With the pictures left aside, write out exactly the lines of the listing below from the line with "一、北京電影學(xué)院2" to the line with "会议公布了2021-2024", both included, and only those.

→ **EXTRACTED INFORMATION**:
━━━━

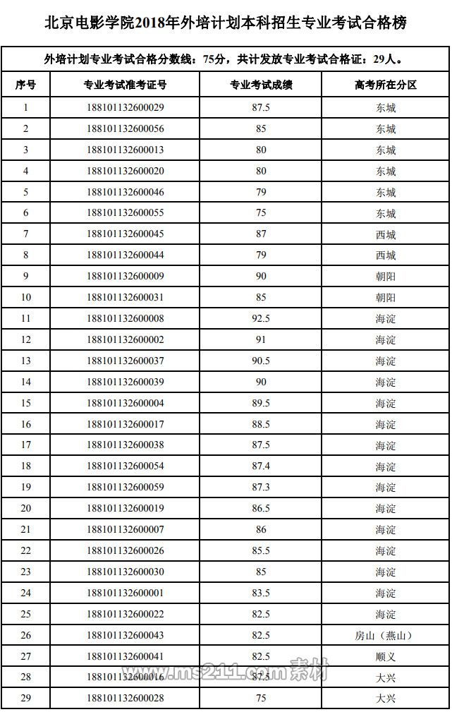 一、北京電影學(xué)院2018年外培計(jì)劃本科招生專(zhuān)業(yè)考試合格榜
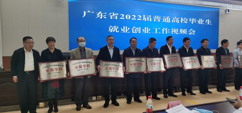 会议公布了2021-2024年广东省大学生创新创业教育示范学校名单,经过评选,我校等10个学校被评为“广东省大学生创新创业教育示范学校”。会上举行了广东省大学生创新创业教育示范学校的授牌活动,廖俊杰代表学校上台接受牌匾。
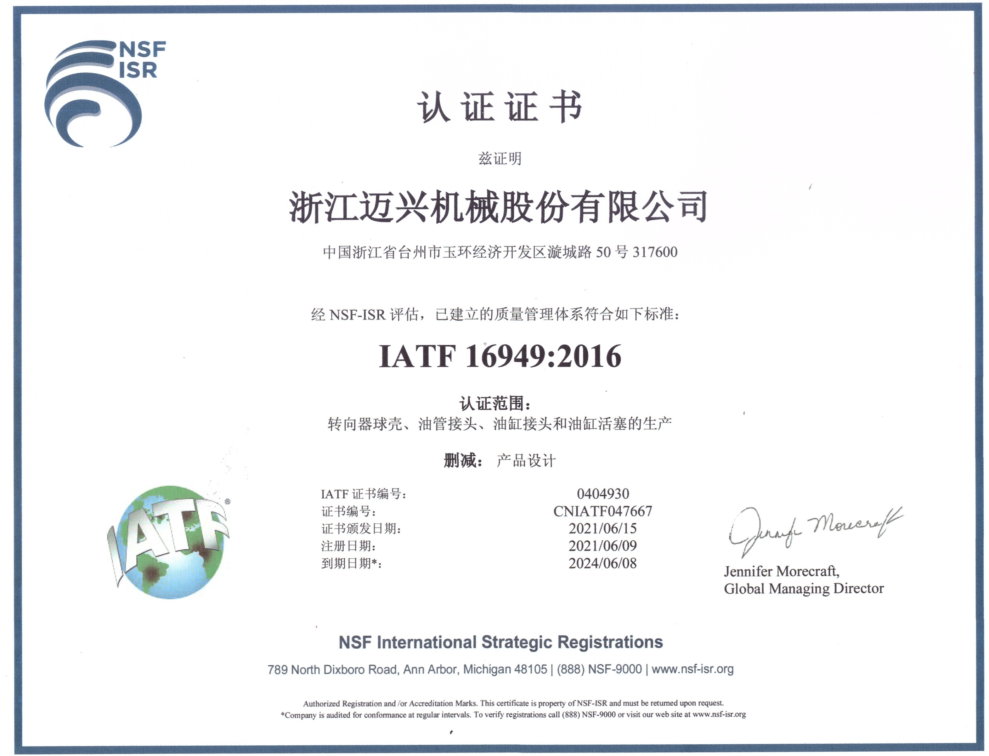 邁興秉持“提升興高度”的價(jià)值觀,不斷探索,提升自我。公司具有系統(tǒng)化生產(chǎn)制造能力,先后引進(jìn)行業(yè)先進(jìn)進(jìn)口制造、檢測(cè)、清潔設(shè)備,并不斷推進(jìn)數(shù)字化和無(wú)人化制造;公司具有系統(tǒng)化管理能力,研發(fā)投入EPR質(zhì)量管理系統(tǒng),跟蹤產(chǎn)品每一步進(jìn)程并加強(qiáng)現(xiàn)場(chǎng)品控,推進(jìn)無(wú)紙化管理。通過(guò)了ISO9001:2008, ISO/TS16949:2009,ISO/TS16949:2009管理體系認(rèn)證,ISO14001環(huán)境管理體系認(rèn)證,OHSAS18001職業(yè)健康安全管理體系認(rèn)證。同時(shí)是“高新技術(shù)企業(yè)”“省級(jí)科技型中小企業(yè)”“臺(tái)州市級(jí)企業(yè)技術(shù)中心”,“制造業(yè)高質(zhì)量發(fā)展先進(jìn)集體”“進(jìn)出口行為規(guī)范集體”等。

━━━━

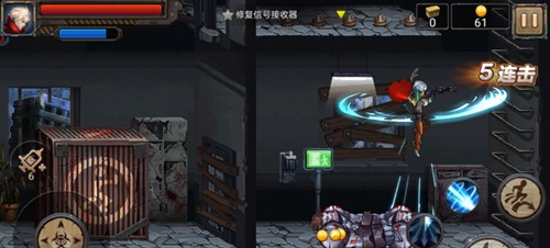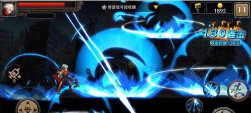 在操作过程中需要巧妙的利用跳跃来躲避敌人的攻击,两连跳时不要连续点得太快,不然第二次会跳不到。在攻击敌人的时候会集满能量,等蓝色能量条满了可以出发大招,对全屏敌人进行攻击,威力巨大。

━━━━

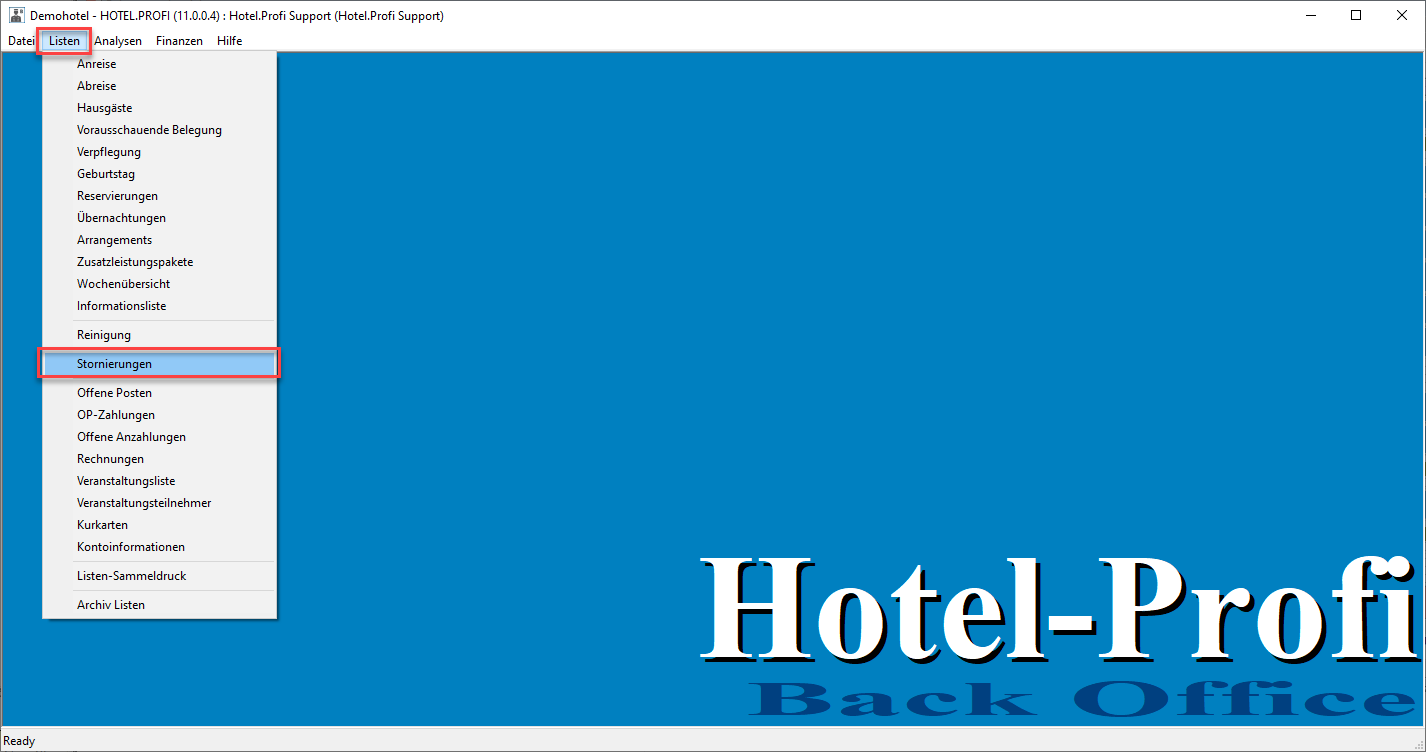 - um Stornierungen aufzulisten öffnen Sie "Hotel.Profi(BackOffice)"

━━━━

→ **RESPONSE**:
 一、北京電影學(xué)院2018年外培計(jì)劃本科招生專(zhuān)業(yè)考試合格榜
 会议公布了2021-2024年广东省大学生创新创业教育示范学校名单,经过评选,我校等10个学校被评为“广东省大学生创新创业教育示范学校”。会上举行了广东省大学生创新创业教育示范学校的授牌活动,廖俊杰代表学校上台接受牌匾。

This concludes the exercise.